Architecture can change quite a bit too - all the async webs make things difficult. Most of the bug reports we get on mobile are not test coverable. e.g. some jankiness when going back to a page, or something like liking a post three levels down and finding that your like was not registered when you go back towards the home screen. We had some bugs like an OS modding text animations, making the text invisible in very niche situations. Then you have combos of ltr and rtl languages and layouts. Adding test coverage can be 4x the effort of writing the code once with no tests, not to mention the architecture for test support making things exponentially more complex.

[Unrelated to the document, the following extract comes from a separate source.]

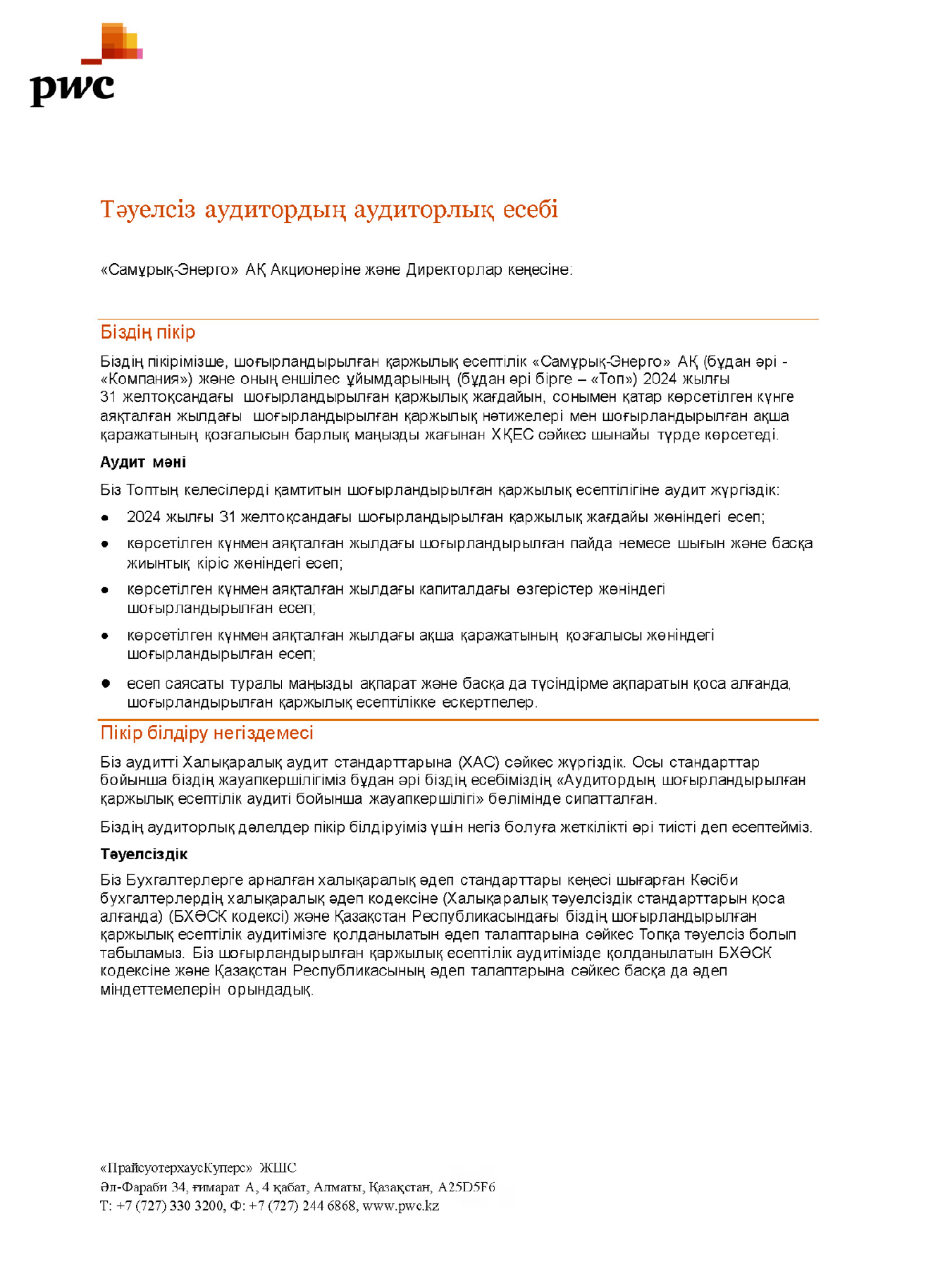 ХҚЕС бухгалтерлік есеп стандарттары Шоғырландырылған қаржылық есептілік және Тәуелсіз аудитордың аудиторлық есебі

Maybe we have to rethink what complete code really means.

The "Good practices^TM" is a giant bag of mix of good practices, "clean coders", software evangelists and architect's fantasies being collected over various technologies
Agree, but sometimes looking for recent books with the same underlying message is better than going through the classic.

I read the mythical man month recently and the examples often involving OS/360 development are brutally outdated. I couldn't relate and I had to force myself to finish.

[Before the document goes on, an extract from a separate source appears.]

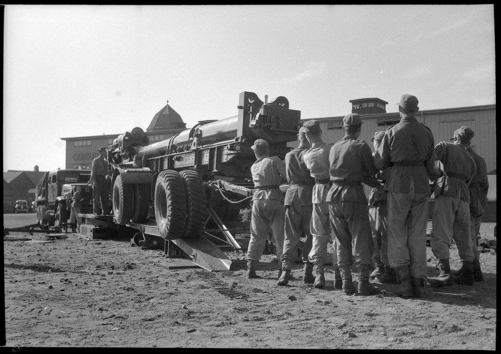 Bilden föreställer militärfordon med en grupp militärer framför.

I find it surprising that you thought Mythical Man Month was "brutally outdated"

Bentley's Programming Pearls, by that standard, is also "brutally outdated" - but the point of the book is not "how do I make this work in early 1980s technology"

The point of PP is "ask the right question"

The point of MMM is "add resources when necessary; be brutally minimalistic about how many resources are added"

I said the examples are brutally outdated, not the message. The book is filled with acronyms and names I didn’t know because they are 60 years old.

I’d rather read a 2023 version if I could.

The acronyms and names are basically irrelevant to the point, though :)

If anything, having "outdated" acronyms and names may actually make the message stronger - because you don't need to be distracted by what they "are", you can just accept they exist[ed] :)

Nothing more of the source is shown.